### What to produce
Within the entries below, please retype exactly the lines starting with the line that has "100% Genuine leather" and going on through the line that has "Venerdì 8 Marzo", but not the pictures.

### Data to examine
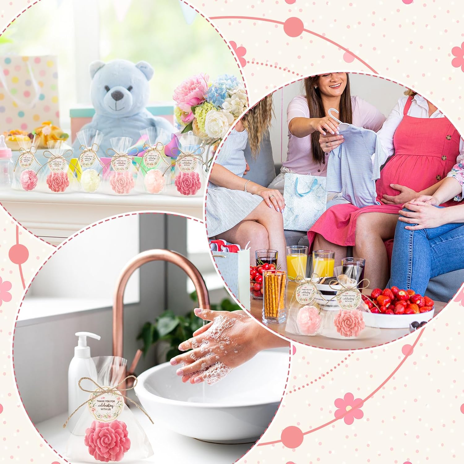 Demissle 20 Set Flower Mini Soaps for Guests Rose Soap Baby Shower Soap Favors with Thank You Tags for Wedding Bridal Guest Gift Party Favor(Dark Pink)
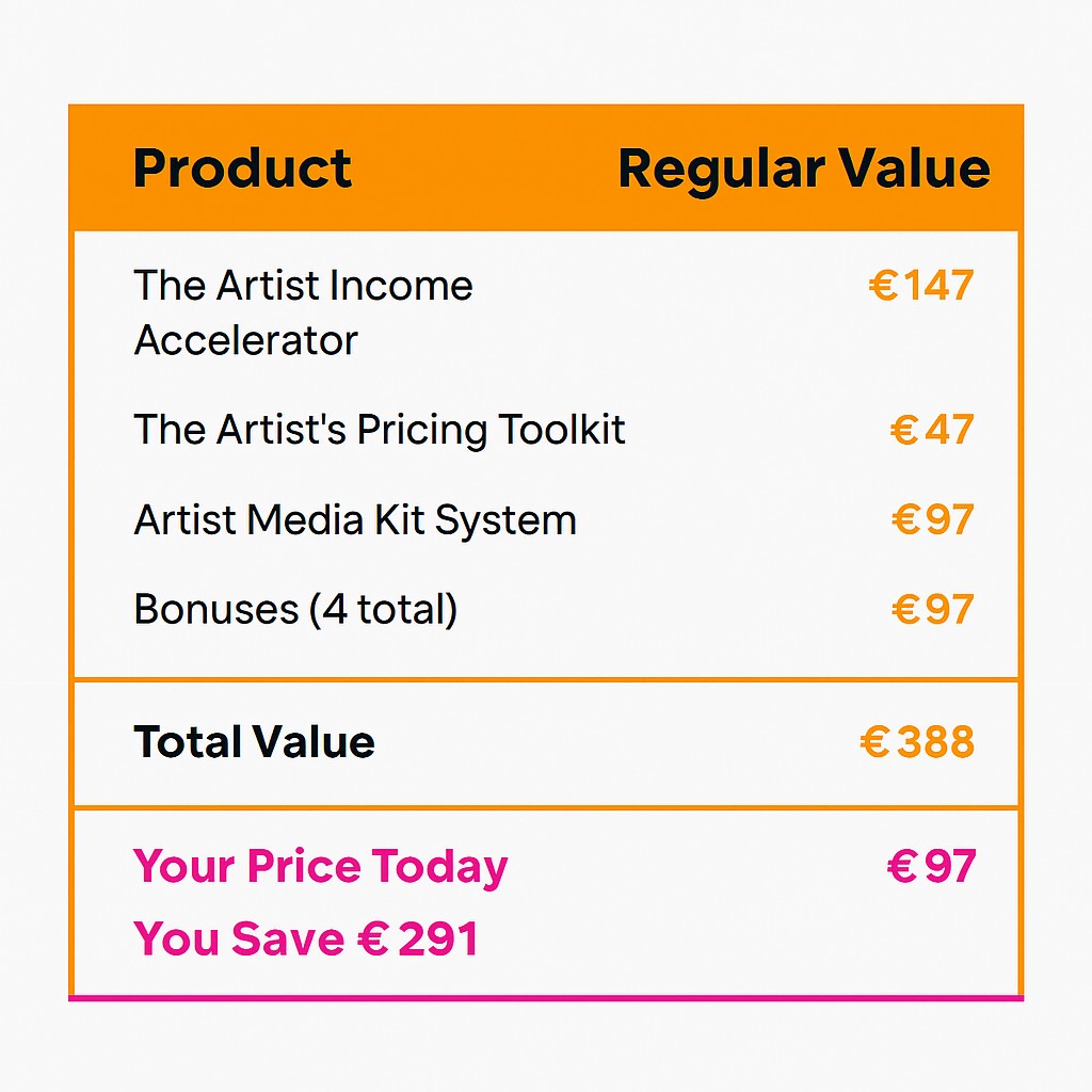 This fast-action toolkit helps you design, price, and sell your first €1,000 art offer — so you can prove to yourself it’s possible.
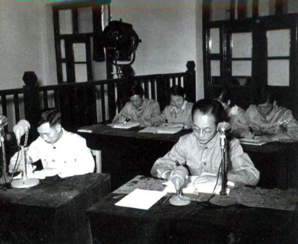 最高人民法院特别军事法庭在太原于1956年6月10~11日对富永顺太郎的侵华战争罪和特务间谍罪;6月12~20日对前日本军政人员城野宏等 8名战犯的侵华战争罪和反对中国人民解放战争罪进行了审判,这标志着山西自1945年9月13日接受日酋澄田象征性投降11年后中国政府代表饱受日寇蹂躏的三晋百姓对侵晋日军及其留用罪行的彻底清算。 最高人民法院特别军事法庭太原法庭设立在文瀛湖畔东南隅的人民大礼堂。这里成为见证这一具有里程碑意义事件的重要建筑地标。陈弘先生展示的法庭开庭通知及其在太原法庭现场翻译的庭审照片为我们了解那段历史提供了珍贵的史料(图2,参见阎崑先生博文《我亲历了对日本战犯的审判》一文)。 |
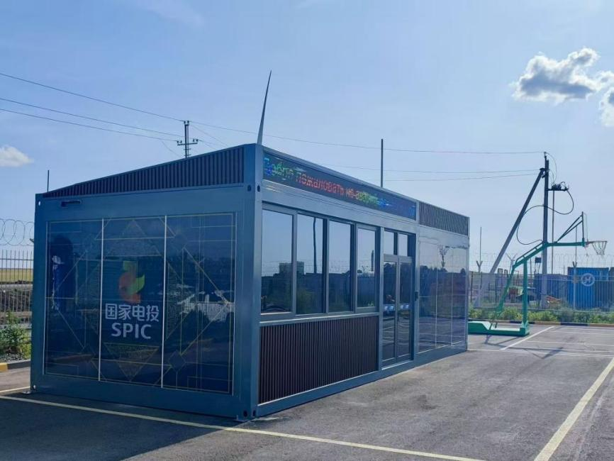 國家電投哈薩克斯坦能源投資公司阿克莫拉項目部負(fù)責(zé)人蔡慧勇介紹安全小屋和項目整體情況。本報記者 李洋 攝
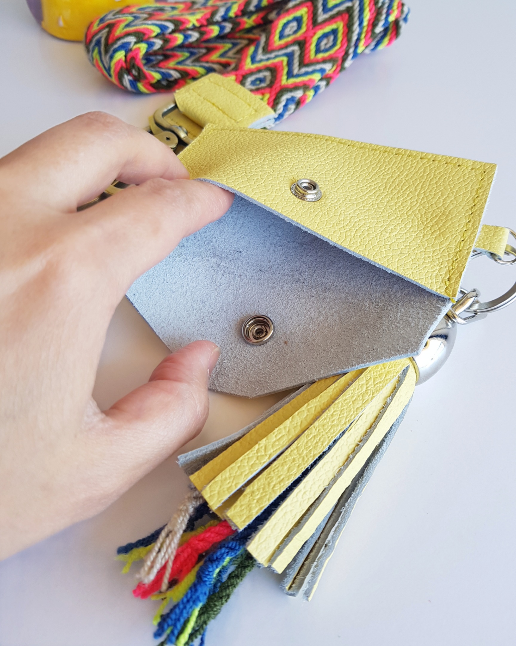 100% Genuine leather coin purse with button closure, decorated with threads and leather tassels.
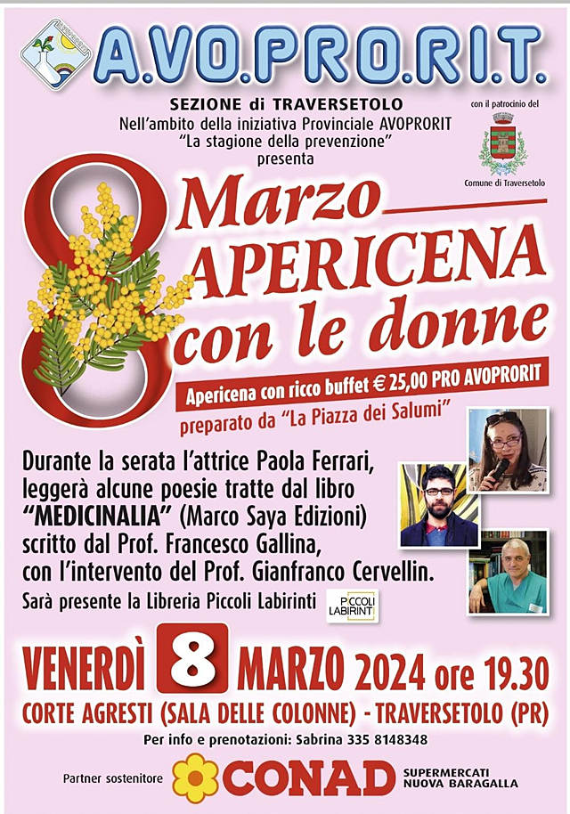 Venerdì 8 Marzo ore 19.30 presso Corte Agresti Traversetolo
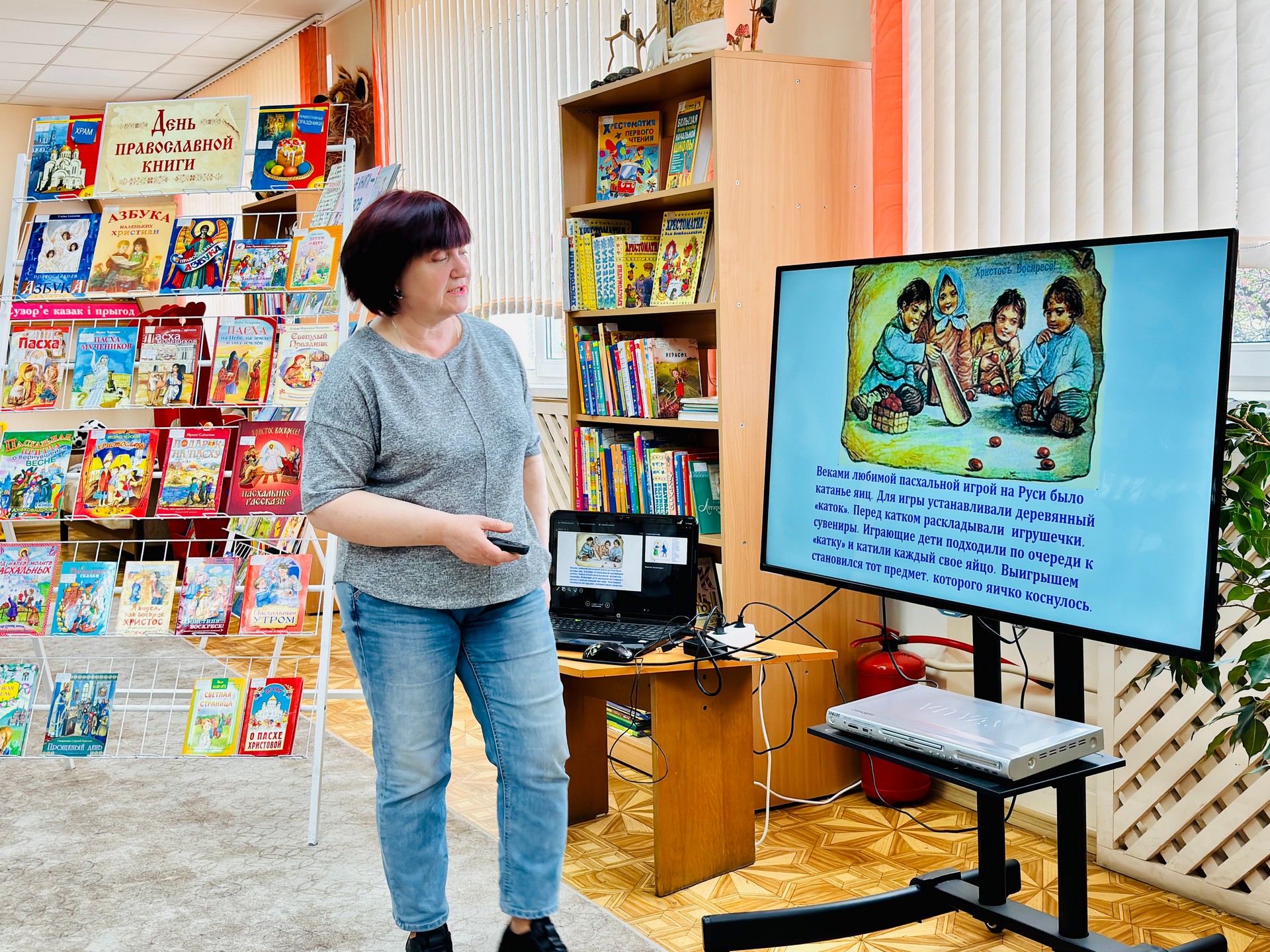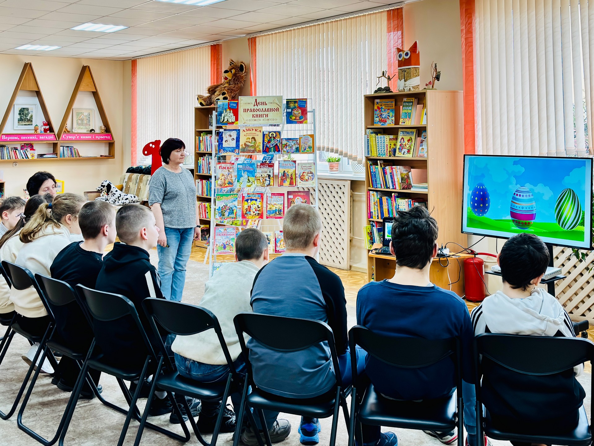 Библиотекари рассказали ребятам историю этого праздника, как он появился и какие старинные традиции с ним связаны. А вы знали, что раньше люди играли с крашеными яйцами? Это было очень весело! Также мы посмотрели замечательный мультфильм, который помог нам лучше понять, как важен этот день. А потом мы читали пасхальные рассказы из книги «Детям о Пасхе Христовой». Эти истории такие добрые и поучительные! После чтения наши гости взялись за цветные карандаши и раскрасили пасхальные яйца. Получилось очень красиво, и эти рисунки украсят класс наших друзей.
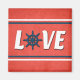 Ama el diseño náutico con rueda de vela y rayas decoración sobre fondo rojo grueso

### Your solution
 100% Genuine leather coin purse with button closure, decorated with threads and leather tassels.
 Venerdì 8 Marzo ore 19.30 presso Corte Agresti Traversetolo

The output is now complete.